Write out again, word for word, the lines below from the line that holds "حساب فري فاير للبيع لڤل 61 4 اسلحه مطوره" through the line that holds "The garage hooks", omitting pictures.
===
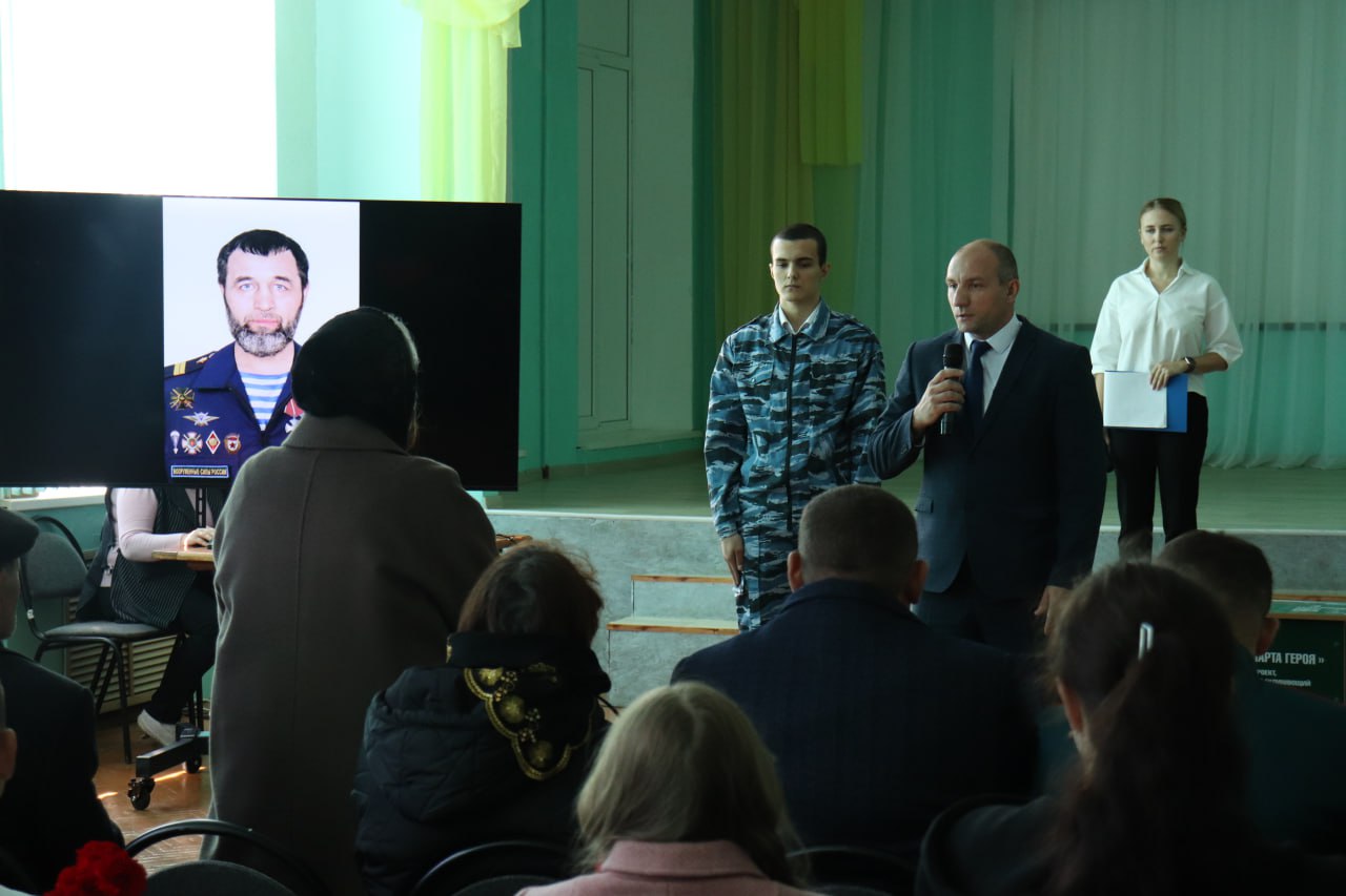 В саратовской школе №76 им. М. Г. Галицкого состоялось торжественное открытие «Парты Героя», посвященной выпускнику школы и участнику специальной военной операции.
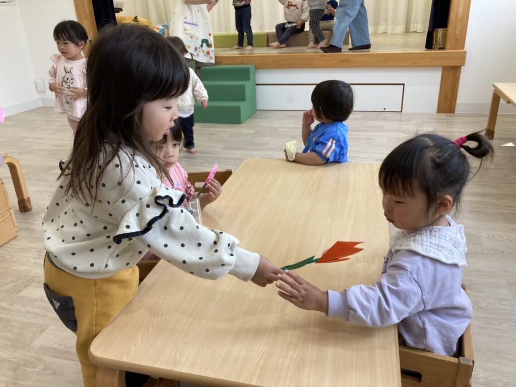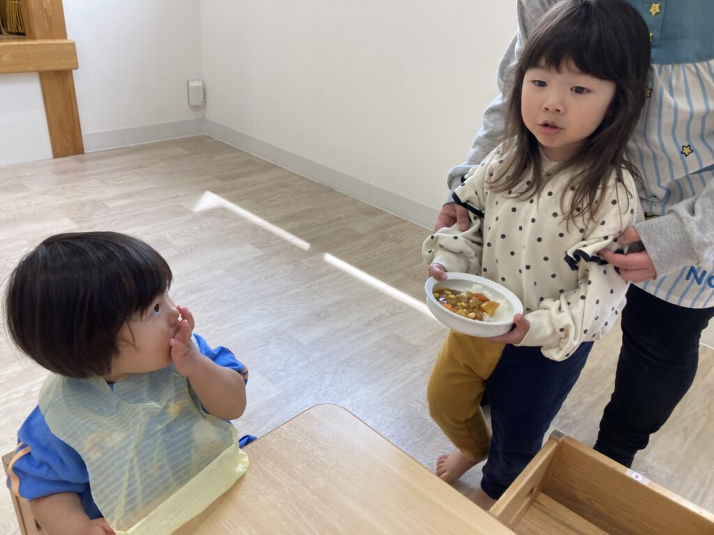 「どうぞ」と持って行ってあげる場面です😊
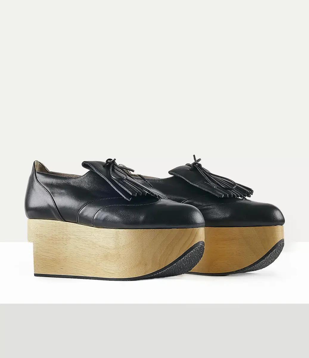 The Rocking Horse Golf shoes take inspiration from classic British golfing footwear, featuring intricate decorative topstitching and a distinctive leather fringe detail that elegantly conceals the laces. The design is elevated by contrasting wooden platform soles, characterised by a curved front and signature cut-out detail – elements first introduced in the Autumn-Winter 1987-88 ‘Harris Tweed’ collection.
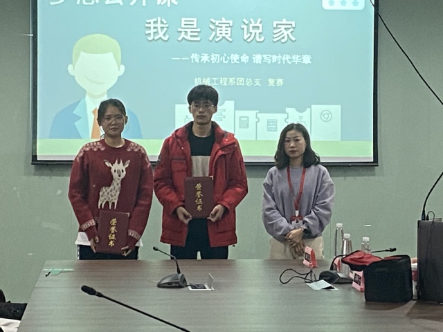 机械工程系团总支于2021年12月14日在学院育德楼203举办梦想公开课暨“中国梦属于青年一代——‘我是演说家’”复赛,本次比赛由办公室秘书长陈童主持,机械工程系党支部副书记李杰、团总支书记沈婷婷、学工干事顾航担任评委。
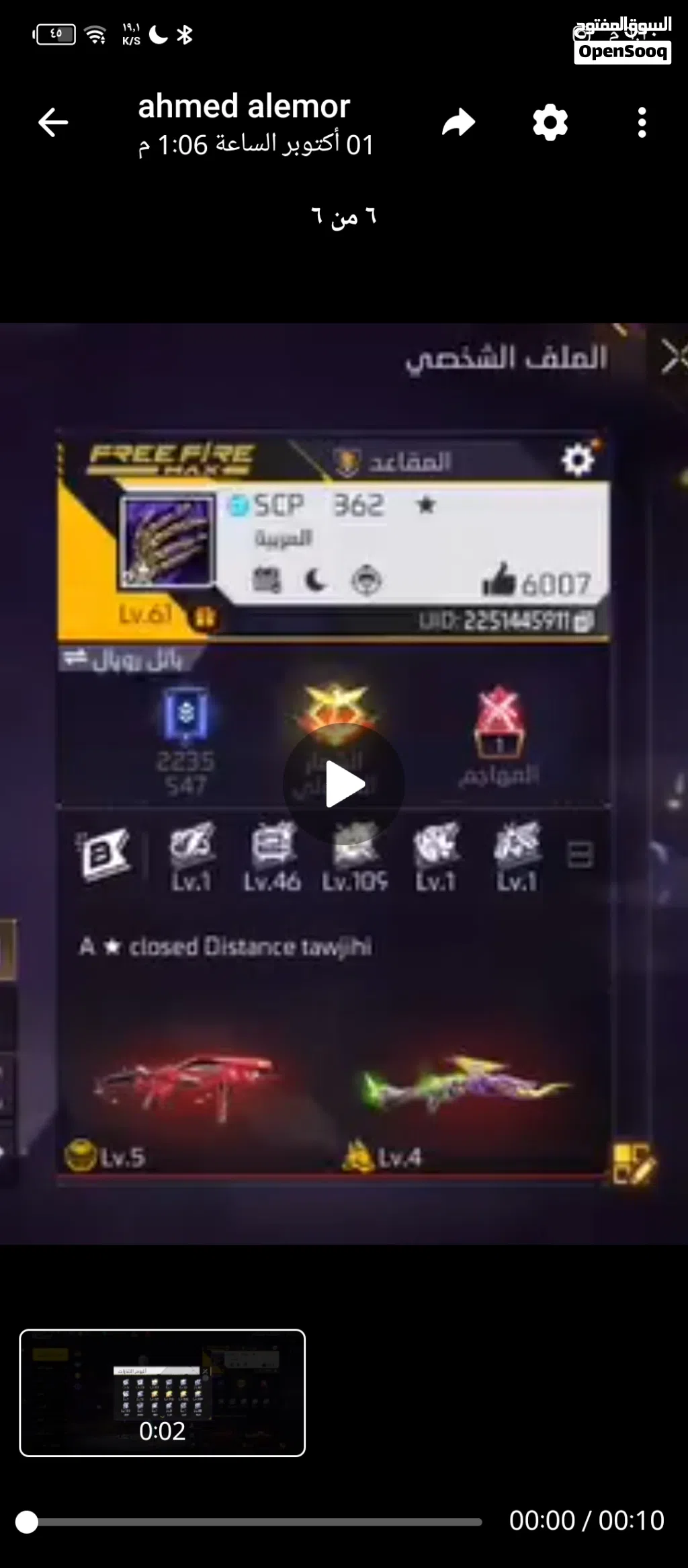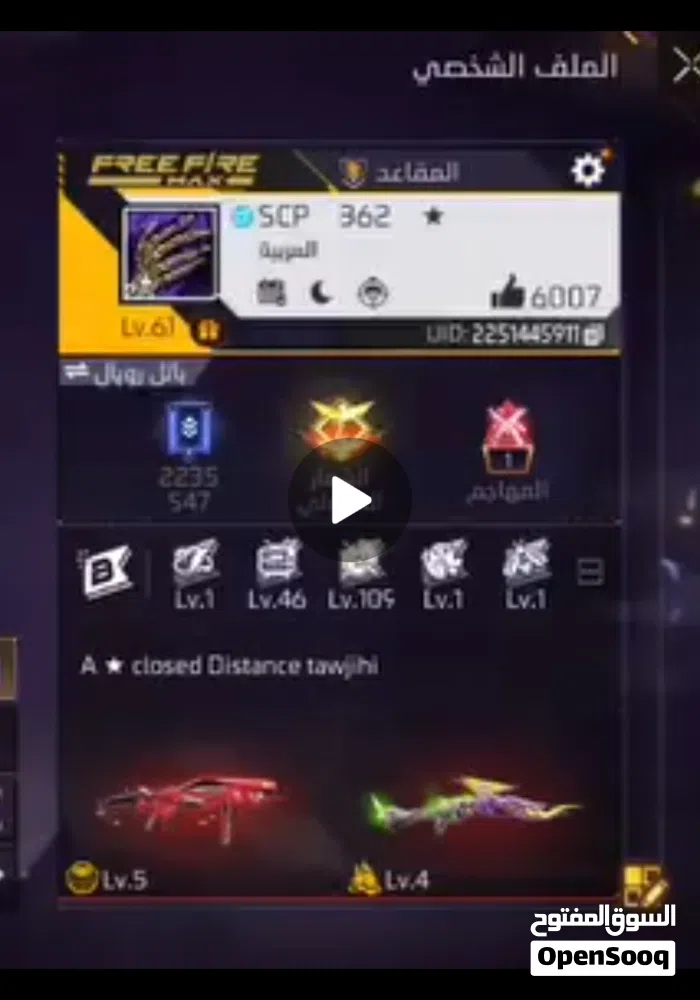 حساب فري فاير للبيع لڤل 61 4 اسلحه مطوره
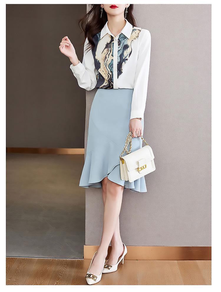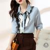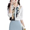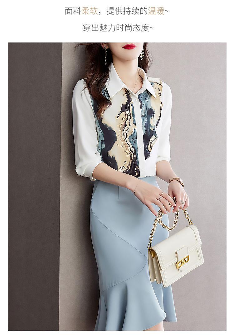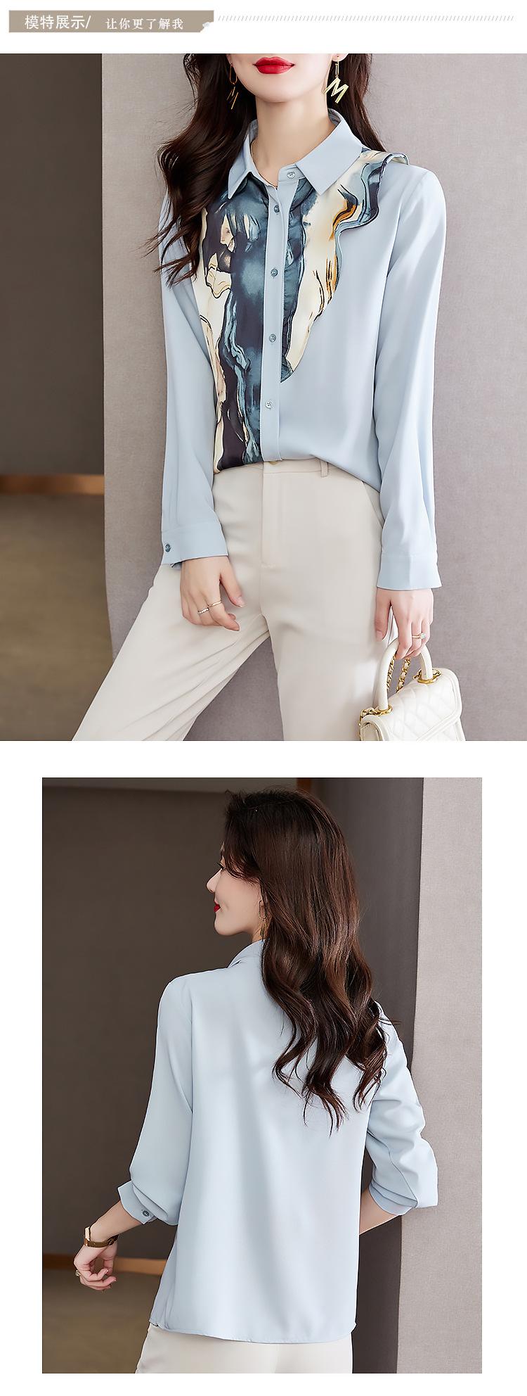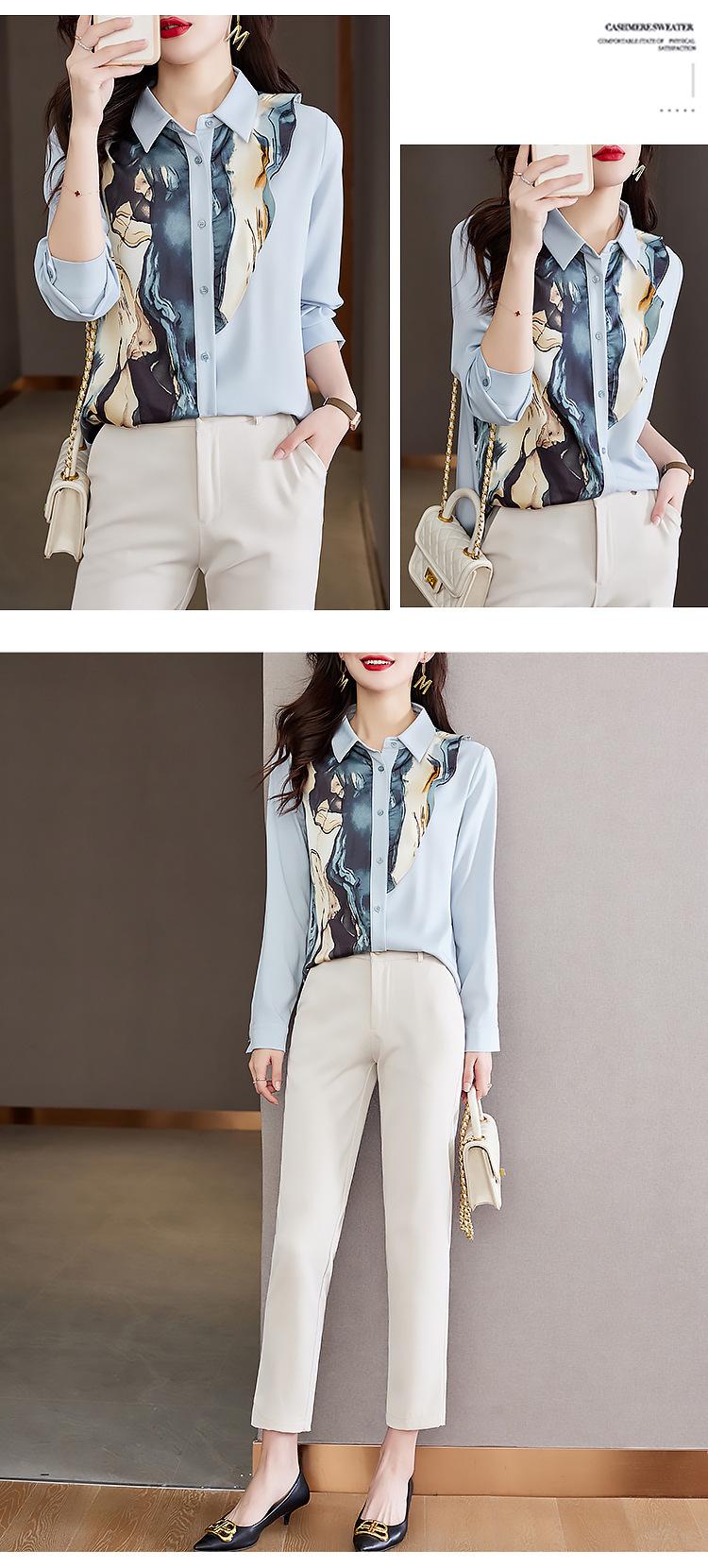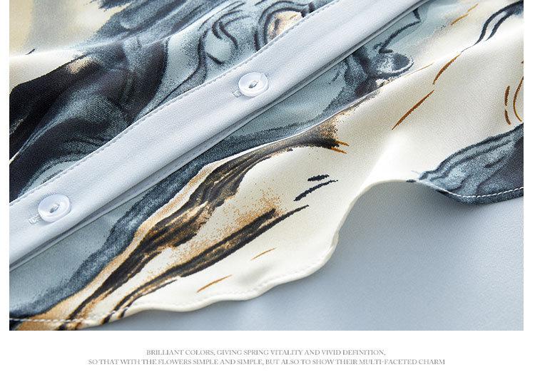 Camisa Estampada Europea 2025 Primavera y Otoño Nueva Camisa de Chifón para Mujer Diseño Sensorial Manga Larga Top Elegante
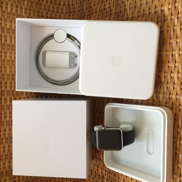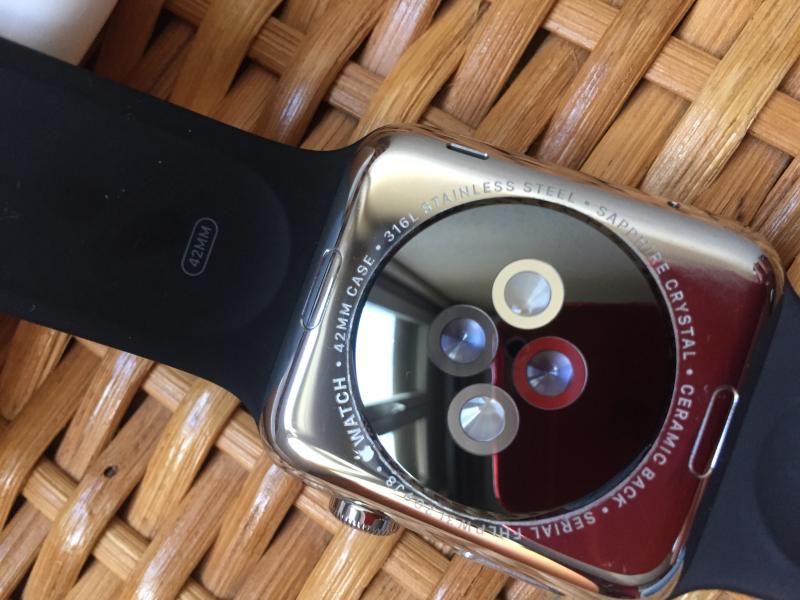 Carcasa de acero de 42mm con display retina con cristal de zafiro y pulsera negra de caucho.
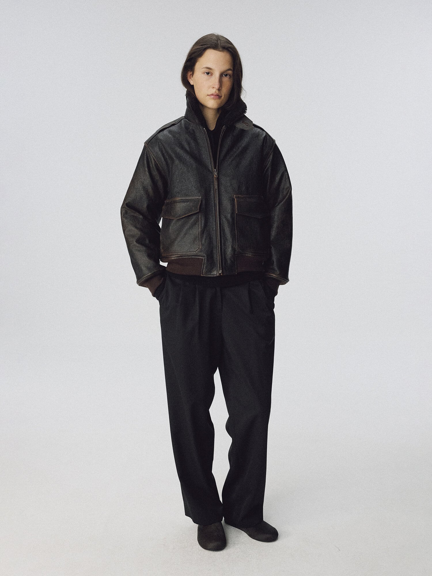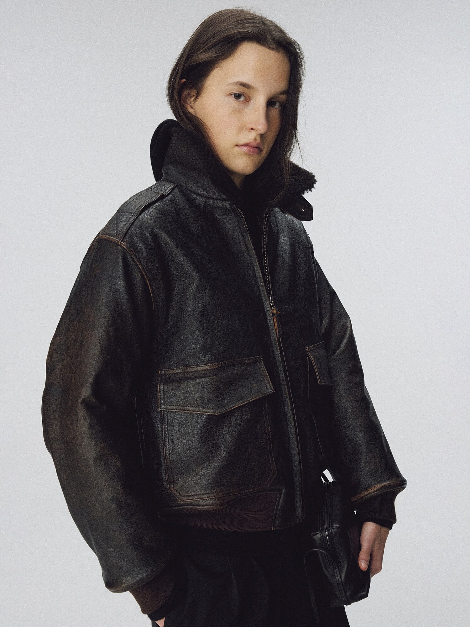 [NOTHING WRITTEN] Vintage captain leather jacket (Tan)
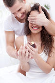uśmiechnięty mężczyzna młody dziewczyna daje prezent
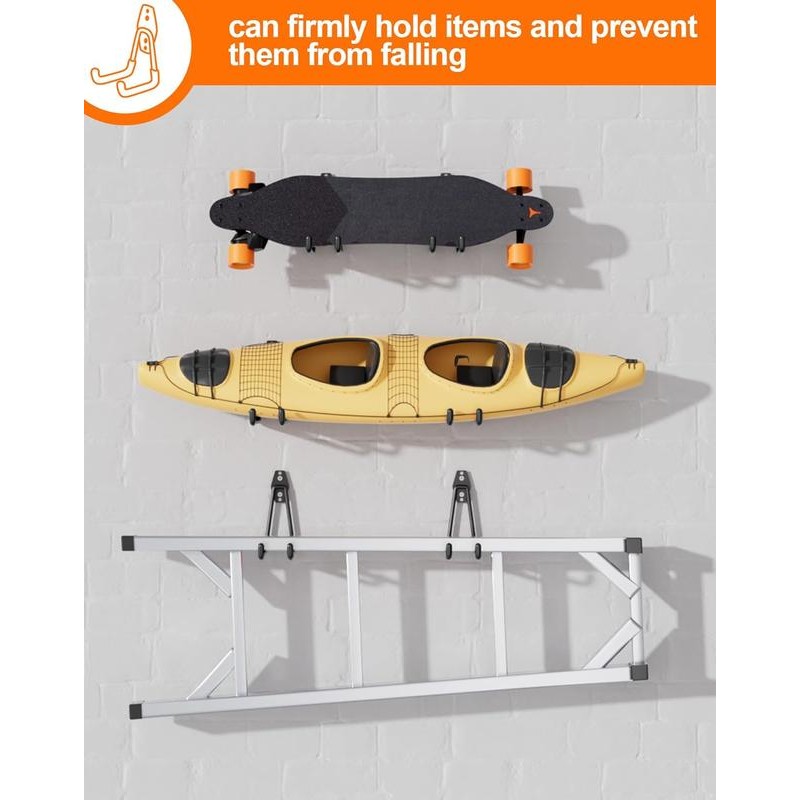 The garage hooks are made of heavy duty steel metal material, have strong load bearing capacity. Solid steel body adopts anti-rust coating and non-slip PVC sheath which gives better grab on hanging items and prevent them from falling or being scratched. The tubular double hooks design makes the garage utility hooks more stable than regular single hooks.
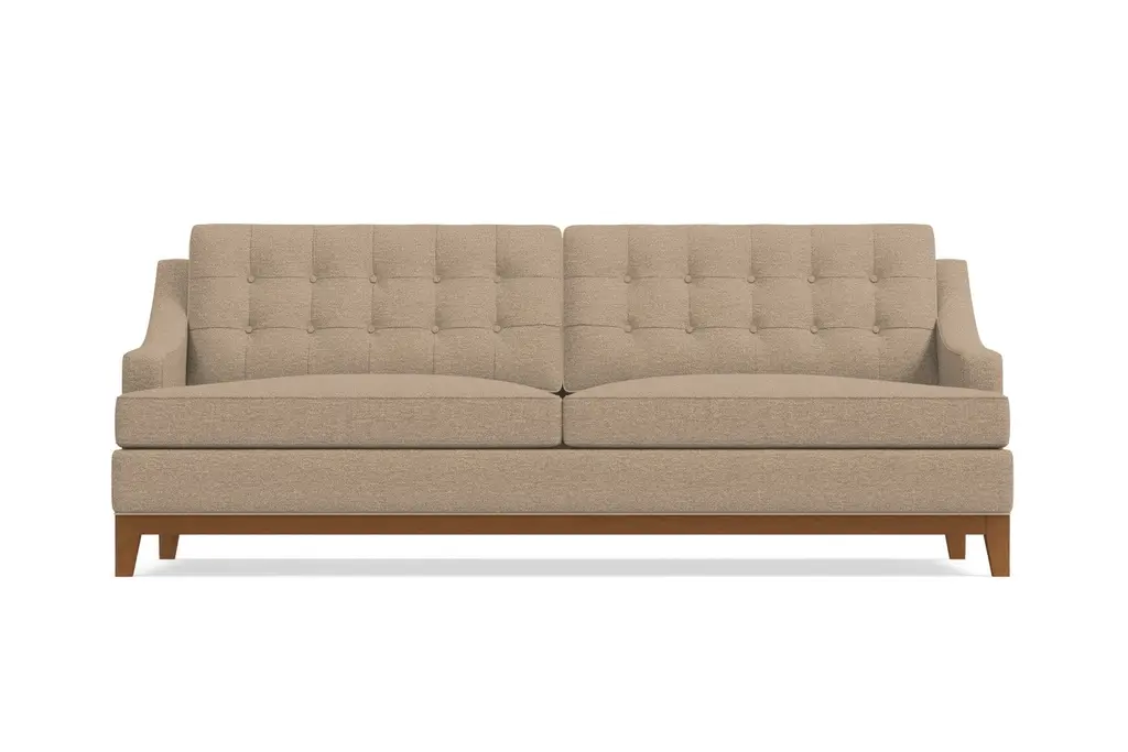 We love how the name of the Bannister Sofa conjures up memories of sliding down the bannister as a kid. You're an adult now so you're no longer doing that (at least when no one is looking), but you're still a kid at heart. That's why this sofa will make you smile. In addition to the fun name, this sofa oozes sophistication and style. It's the perfect combination of traditional (thanks to the tufting) and modern (courtesy of the sleek silhouette). The quality wood base comes in three colors: natural, pecan or espresso, giving you the ability to choose the finish that best matches your other existing pieces of furniture. It even comes with two lumbar pillows upholstered in same fabric as sofa.
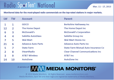 On the national level, GEICO stayed at #1 with 45,175 spots. THE HOME DEPOT came back from #12 to #2 with 35,699 spots. MCDONALD’S moved from #6 up to #3 with 29,333 ads, while SAFELITE AUTOGLASS was solid at #4 with 25,225 spots. WAL-MART is back in the top five with 24,965 spots.
===
» **Answer for the task**:
 حساب فري فاير للبيع لڤل 61 4 اسلحه مطوره
 Camisa Estampada Europea 2025 Primavera y Otoño Nueva Camisa de Chifón para Mujer Diseño Sensorial Manga Larga Top Elegante
 Carcasa de acero de 42mm con display retina con cristal de zafiro y pulsera negra de caucho.
 [NOTHING WRITTEN] Vintage captain leather jacket (Tan)
uśmiechnięty mężczyzna młody dziewczyna daje prezent
 The garage hooks are made of heavy duty steel metal material, have strong load bearing capacity. Solid steel body adopts anti-rust coating and non-slip PVC sheath which gives better grab on hanging items and prevent them from falling or being scratched. The tubular double hooks design makes the garage utility hooks more stable than regular single hooks.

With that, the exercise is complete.